The thing is that $\alpha$ and $\beta$ usually don't have a real meaning, so it's often easier to parametrize the Beta distribution with two other parameters, $p$ and $\theta$, which roughly correspond to the mean and precision respectively: for a given $p$, a higher $\theta$ means that we are more skeptical of very weak or very strong probabilities -- those near 0 or 1.

We don't need a prior on $p$, as it will be a deterministic function of our regression. But we do need one for $\theta$. A value of 2 translates in a uniform prior over probabilities, which is not what we want -- we know presidential approval never goes below 10% and above 90% (at least in France). To get that, we can set $\theta = 10$. You can play around with the code below to get a sense of how the Beta family behaves:

x_plot = np.linspace(0, 1, 100)
pbar = 0.5
theta = 10.0

plt.plot(
    x_plot,
    np.exp(pm.Beta.dist(pbar * theta, (1 - pbar) * theta).logp(x_plot).eval()),
    label=f"Beta({pbar * theta}, {(1 - pbar) * theta})",
)
plt.xlabel("Probablity")
plt.ylabel("Density")
plt.legend();

Looks good right? And you can see that the mathematical link between $(p, \theta)$ and $(\alpha, \beta)$ is quite simple:

$$ \alpha = p \times \theta $$ $$ \beta = (1 - p) \times \theta $$

So, we want to assume that the precision is at least 10. To that end, we can use a trick and define $\theta = \tilde{\theta} + 10$, where $\tilde{\theta} \sim Exponential(1)$, which works because exponential distributions have a minimum of zero.

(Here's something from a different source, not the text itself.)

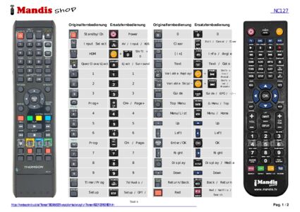 Diese Fernbedienung ersetzt Ihre NC127 (CB1160HDD) in vollem Umfang und bietet alle Funktionen des Originals.

Let's turn our attention to $p$ now, the parameter we really care about. We model it through the addition of a linear component ($baseline + \beta_{honeymoon} \times election\_ flag + \beta_{unemp} \times unemp\_ data$ and a non-parametric component (the GP, $f\_time$). The GP basically allows us to tell the model that time and popularity covary, but we don't know the exact functional form of this romantic relationship, so we'd like the model to figure it out for us -- yep, GPs are pretty cool; I bet they were popular in college! To make sure $p$ stays between 0 and 1 (it's a probability, remember?), we use the logistic link function.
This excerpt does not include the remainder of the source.